My boyfriend broke up with me, I was arrested for arson the next day after staying in the hospital ER the night before, and I was living in a homeless shelter for a couple weeks, dealing with my first heartbreak during it all. This, however isn't where I wanted to ctb. I cried every night for the first week. And then I got covid, which meant I had to self isolate in a shitty motel, but this was honestly an upgrade in my circumstances. On October 1st, I went to stay at a place called the Friendship Lodge which is an apartment-like building that provides low income housing for people at risk of being homeless. I made a bad decision a couple weeks ago, met up with some older guy, did things that I get into, and ate shrooms. This was at 3am on a Monday, and the start of my deep depression that I have fallen into and don't know how to get out of, or if I even want to at this point, I'm just so tired of being alive. Well, anyways, we were both crazy due to the drugs, he had scary anger issues, I guess I didn't sleep because the trip was so bad, the next morning I wanted to leave but couldn't because I was just so out of it at this point, and he hurt me. He strangled me, pulled me along the floor from room to room, kicked me in the face which gave me a black eye, kicked me in the ribs, and pressed his cigarette against my face and body. During all of this, I felt broken moments of pain, wasn't too sure of if it was real or not, and most of it, I was completely numb, not feeling anything physically. Nobody would understand unless they have done shrooms before or other drugs that have similar affects.
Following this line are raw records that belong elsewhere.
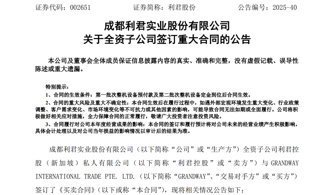 11月28日,利君股份公告称,公司全资子公司利君控股与GRANDWAY INTERNATIONAL TRADE PTE. LTD.(以下简称“GRANDWAY”)签订了《买卖合同》,卖方利君控股(含生产方)为买方GRANDWAY负责相关项目选矿厂的整体设计及技术服务,负责提供高压辊磨机及选矿厂其它所需全套设备采购技术支持,并提供相应的现场安调指导和培训指导;买方GRANDWAY向卖方利君控股采购高压辊磨机和配套设备,合同总金额5760.7728万美元,折合人民币约4.08亿元。该合同总金额占2024年度经会计师审计公司合并营业收入的52.53%,预计将对公司未来的经营业绩产生积极影响。
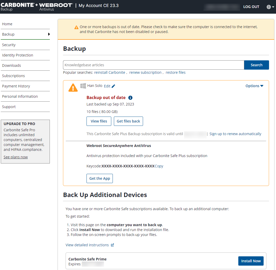 - You will only be presented with options to upgrade within the Carbonite Safe plans. If you’d like more features, you can upgrade to Carbonite Safe Backup Pro plan.
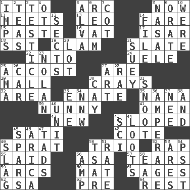 ACROSS 1. "Tell ____ the Marines!" 5. Curve 8. At this time 11. Confronts 13. Lion 14. Conductor's collection 15. Thick mixture 16. Large container 17. Austrian river, tributary to the Danube 18. Fast jet (abbr.) 19. Dollar (slang) 21. Schedule 22. To the inside or interior of 24. Ubangi River tributary 25. Buttonhole 27. "We ___ not amused" (Victoria) 29. Shopping center 30. Trading vessels 32. Type of rug 33. Maternal 35. Grandmother 39. Pet term 41. Sign of something about to happen 42. ___ Haven, CT 43. Had an oblique or slanted direction 45. Suttee (variant) 48. ____ d'Azur (French Riviera) 49. Small fatty European fish 50. Musical group of three 52. Reproach for some lapse or misdeed 55. Put down 56. White ___ sheet 57. Separates forcefully 59. Arches 60. Floor covering 61. Gurus 62. Girls' org. (abbr.) 63. Before (prefix) 64. State of inaction DOWN 1. Naughty children 2. Beverages made from leaves 3. A testis 4. Baseball player Mel 5. Inventor's middle name 6. 480, 500 or 516 sheets of paper 7. Small bed 8. Relating to the nose 9. Declaim 10. Past tense of be (plural) 12. Religious groups 14. Do some clerical work 20. Car dealer's back yard 21. Chop _ 23. Pitcher Ryan 25. Nursemaid (var.) 26. Auto 27. Tate display 28. Actress Charlotte 30. Island 31. Snout, nose 33. Compass dir. 34. Compass dir. 36. Electrical Measurement 37. Born 38. Plus 40. A single undivided whole 43. _-fi 44. Plunders 45. Practice fights 46. N. Chile seaport 47. Small amounts or degrees 49. Volcanic refuse 50. Russian ruler of old 51. Assign a rank or rating to 53. Ancient Greek god of war 54. Inconspicuous attention getter 56. Electrical Unit 58. Ewer handle

I left, forgetting my phone and glasses, ended up getting arrested, I cried and had a mental breakdown in the cell after I sobered up, wondering if i would get my phone and glasses back (I didn't), and heavily contemplated suicide. It started out not being so severe, and I don't think it's at it's full strength either seeing as it has only been a couple months or so of everything piling up.
I cut every 2 or 3 days, I barely enjoy doing anything anymore, everything is a struggle. I don't know if anyone can relate but I don't shower, brush my teeth, I barely eat and when I do, it's just junk, not real food. I stopped taking my antidepressants about a week ago because I want to stock up for a few more weeks until I have enough to hopefully end my life. I take 20mg prozac a day and 300mg quetiapine a day, getting 7 days worth every Thursday. I've done my research and found that people have died from very small amounts of these 2 drugs and people have lived after consuming over 30,000mg, ending up a vegetable. It is dependent on several factors it seems. So hopefully I succeed. I know there are other ways of doing this properly to guarantee death, but I have access to my antidepressants and nothing else. I just hope that if I do end up being a vegetable, that they kill me through assisted suicide, I will clarify that in my suicide note.
Maybe I can meet some cool people on here before I make my decision, let me know if any of you want to chat, I have snapchat, FB, here. I'm just very lonely, and I don't want my last days to be in complete misery you know? Maybe I can help someone else on here with my story or my support, I'm not sure. Thank you for taking the time to listen to me, I appreciate it.